## DIRECTIONS FOR THIS TASK
Transcribe the following entries word for word; no picture is to appear in the copy.

## DATA IN THIS EXERCISE

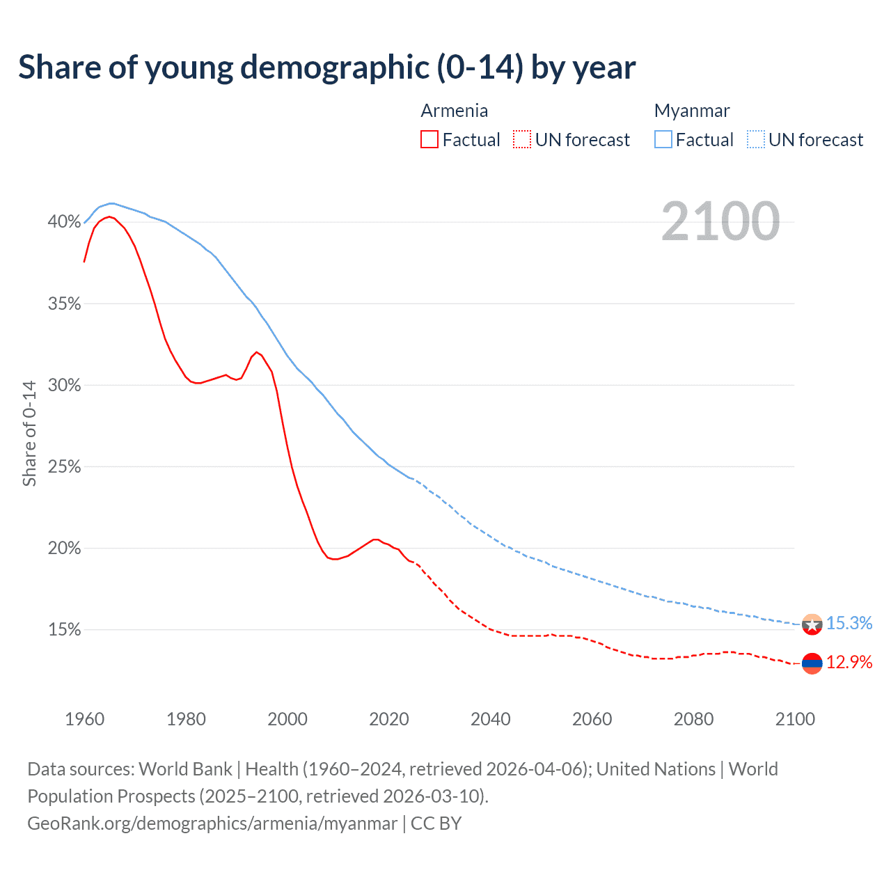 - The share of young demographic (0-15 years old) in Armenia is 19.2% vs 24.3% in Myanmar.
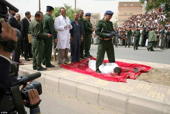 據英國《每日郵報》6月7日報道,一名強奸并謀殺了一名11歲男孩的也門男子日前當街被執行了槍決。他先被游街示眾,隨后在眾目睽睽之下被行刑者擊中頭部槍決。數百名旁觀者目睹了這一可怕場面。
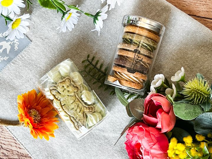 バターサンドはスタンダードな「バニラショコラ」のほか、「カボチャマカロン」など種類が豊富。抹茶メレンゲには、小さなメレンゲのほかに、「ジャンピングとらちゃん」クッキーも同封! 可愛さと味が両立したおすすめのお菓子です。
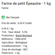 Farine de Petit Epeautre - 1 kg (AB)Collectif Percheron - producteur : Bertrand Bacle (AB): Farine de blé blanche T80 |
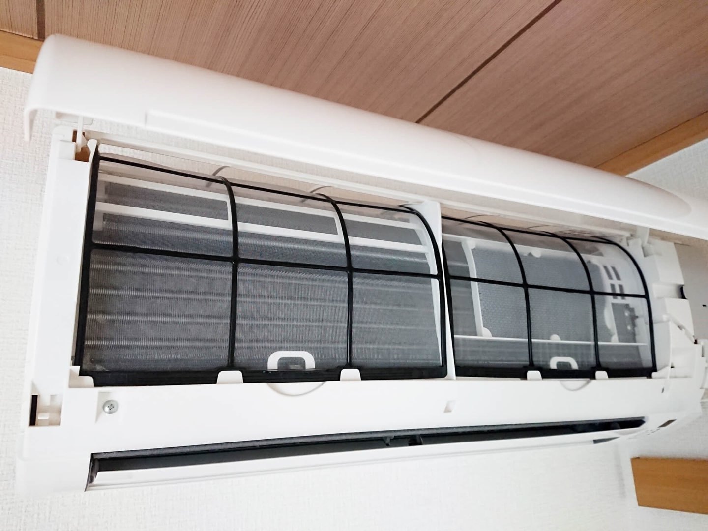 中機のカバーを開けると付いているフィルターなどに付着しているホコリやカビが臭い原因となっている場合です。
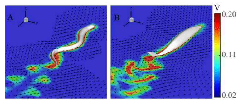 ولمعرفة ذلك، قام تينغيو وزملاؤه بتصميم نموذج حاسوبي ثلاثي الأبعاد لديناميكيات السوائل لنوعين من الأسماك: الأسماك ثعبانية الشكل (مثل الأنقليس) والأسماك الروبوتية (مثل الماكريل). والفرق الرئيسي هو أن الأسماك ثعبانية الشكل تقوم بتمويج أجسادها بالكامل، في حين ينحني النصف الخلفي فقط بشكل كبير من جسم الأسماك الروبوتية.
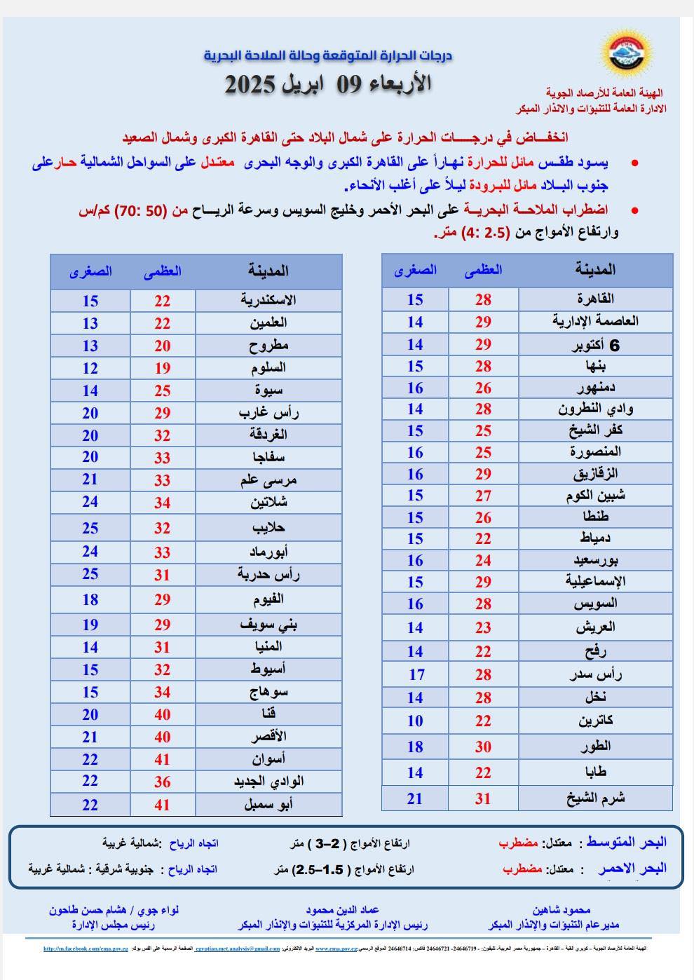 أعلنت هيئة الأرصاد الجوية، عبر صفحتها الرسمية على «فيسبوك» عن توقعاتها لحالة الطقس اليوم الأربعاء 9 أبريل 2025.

## COMPLETED TASK
 - The share of young demographic (0-15 years old) in Armenia is 19.2% vs 24.3% in Myanmar.
 據英國《每日郵報》6月7日報道,一名強奸并謀殺了一名11歲男孩的也門男子日前當街被執行了槍決。他先被游街示眾,隨后在眾目睽睽之下被行刑者擊中頭部槍決。數百名旁觀者目睹了這一可怕場面。
 バターサンドはスタンダードな「バニラショコラ」のほか、「カボチャマカロン」など種類が豊富。抹茶メレンゲには、小さなメレンゲのほかに、「ジャンピングとらちゃん」クッキーも同封! 可愛さと味が両立したおすすめのお菓子です。
 Farine de Petit Epeautre - 1 kg (AB)Collectif Percheron - producteur : Bertrand Bacle (AB): Farine de blé blanche T80 |
 中機のカバーを開けると付いているフィルターなどに付着しているホコリやカビが臭い原因となっている場合です。
 ولمعرفة ذلك، قام تينغيو وزملاؤه بتصميم نموذج حاسوبي ثلاثي الأبعاد لديناميكيات السوائل لنوعين من الأسماك: الأسماك ثعبانية الشكل (مثل الأنقليس) والأسماك الروبوتية (مثل الماكريل). والفرق الرئيسي هو أن الأسماك ثعبانية الشكل تقوم بتمويج أجسادها بالكامل، في حين ينحني النصف الخلفي فقط بشكل كبير من جسم الأسماك الروبوتية.
 أعلنت هيئة الأرصاد الجوية، عبر صفحتها الرسمية على «فيسبوك» عن توقعاتها لحالة الطقس اليوم الأربعاء 9 أبريل 2025.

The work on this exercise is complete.